**RECORDED INFORMATION:**
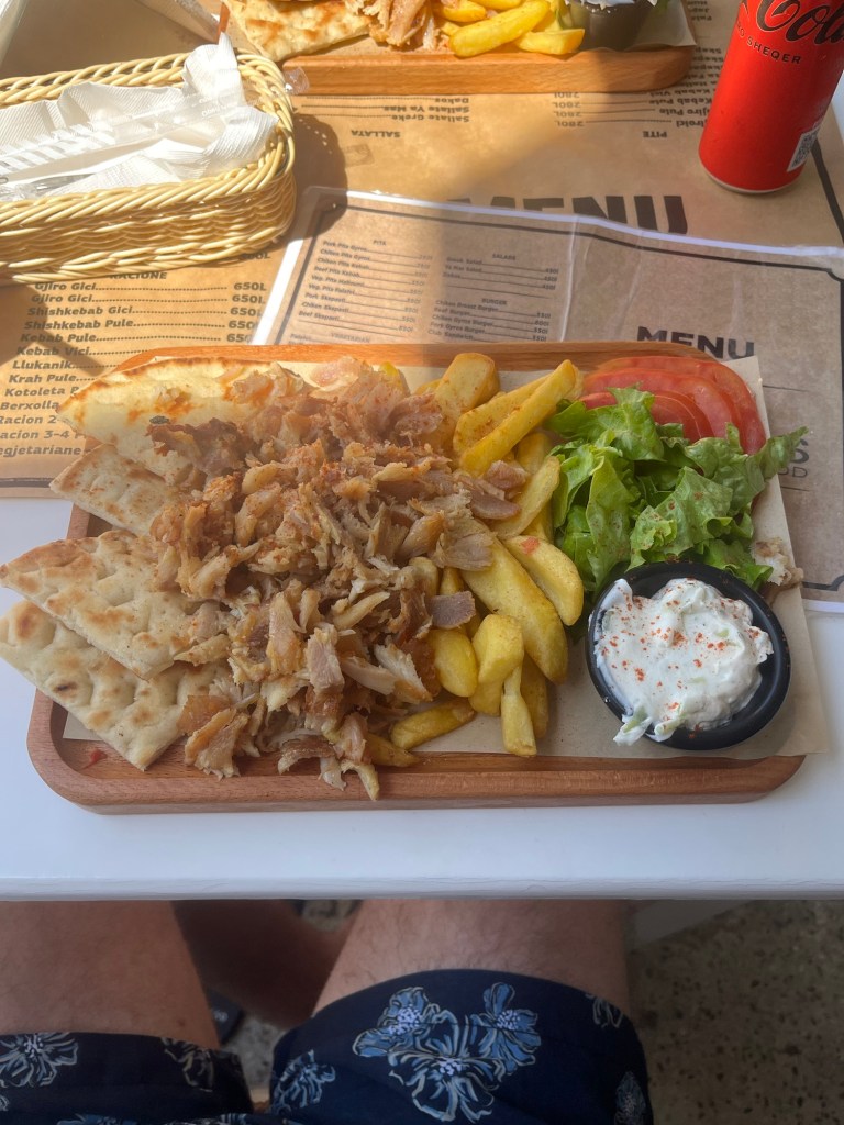 Back at our original spot, we jumped into the water for a refreshing swim, especially with the air temperatures hitting a scorching 30 degrees. After feeling somewhat revitalised, it was time to hunt down some lunch. We stumbled upon a Greek restaurant that turned out to be a huge success. It was reasonably priced, and let me tell you—the food was absolutely delicious! Enjoying a tasty meal in the hot sun, paired with a Coca-Cola (not sponsored, unfortunately), made for a perfect afternoon.
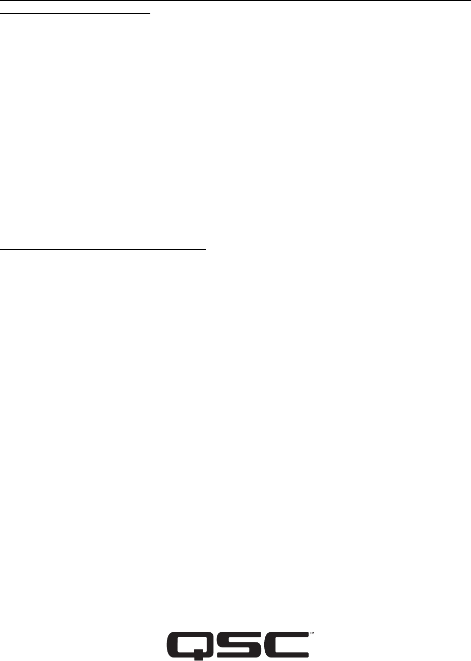 QSC Audio Products, Inc. 1675 MacArthur Boulevard Costa Mesa, California 92626 USA
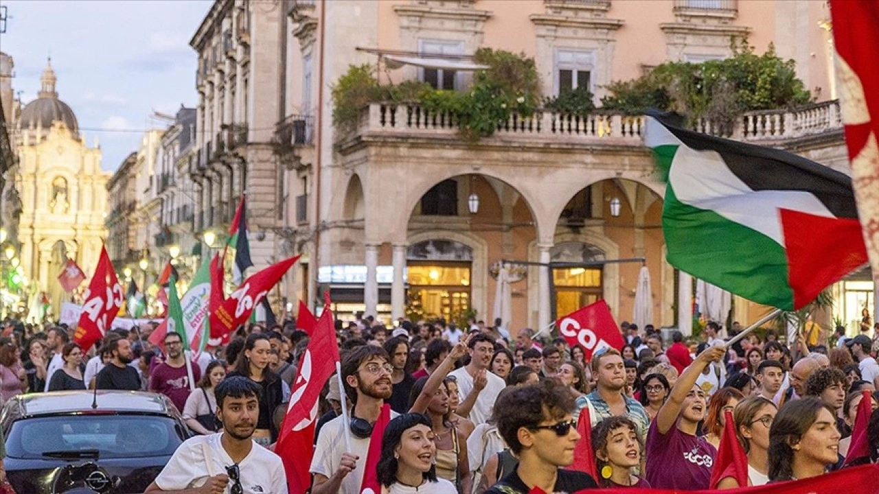 Küresel Sumud Filosu'na İtalya'dan katılacak teknelerin Sicilya Adası'nın doğusundaki buluşma noktalarından olan Katanya Limanı'nda bir araya gelen binlerce kişi, ellerindeki Filistin bayrakları ve Filistin'e, filoya destek belirten dövizlerle şehir merkezine doğru yürüdü.

**WHAT YOU NEED TO DO:** Give back the listing exactly, without a single picture.

**ANSWER FOR THE TASK:**
 Back at our original spot, we jumped into the water for a refreshing swim, especially with the air temperatures hitting a scorching 30 degrees. After feeling somewhat revitalised, it was time to hunt down some lunch. We stumbled upon a Greek restaurant that turned out to be a huge success. It was reasonably priced, and let me tell you—the food was absolutely delicious! Enjoying a tasty meal in the hot sun, paired with a Coca-Cola (not sponsored, unfortunately), made for a perfect afternoon.
 QSC Audio Products, Inc. 1675 MacArthur Boulevard Costa Mesa, California 92626 USA
 Küresel Sumud Filosu'na İtalya'dan katılacak teknelerin Sicilya Adası'nın doğusundaki buluşma noktalarından olan Katanya Limanı'nda bir araya gelen binlerce kişi, ellerindeki Filistin bayrakları ve Filistin'e, filoya destek belirten dövizlerle şehir merkezine doğru yürüdü.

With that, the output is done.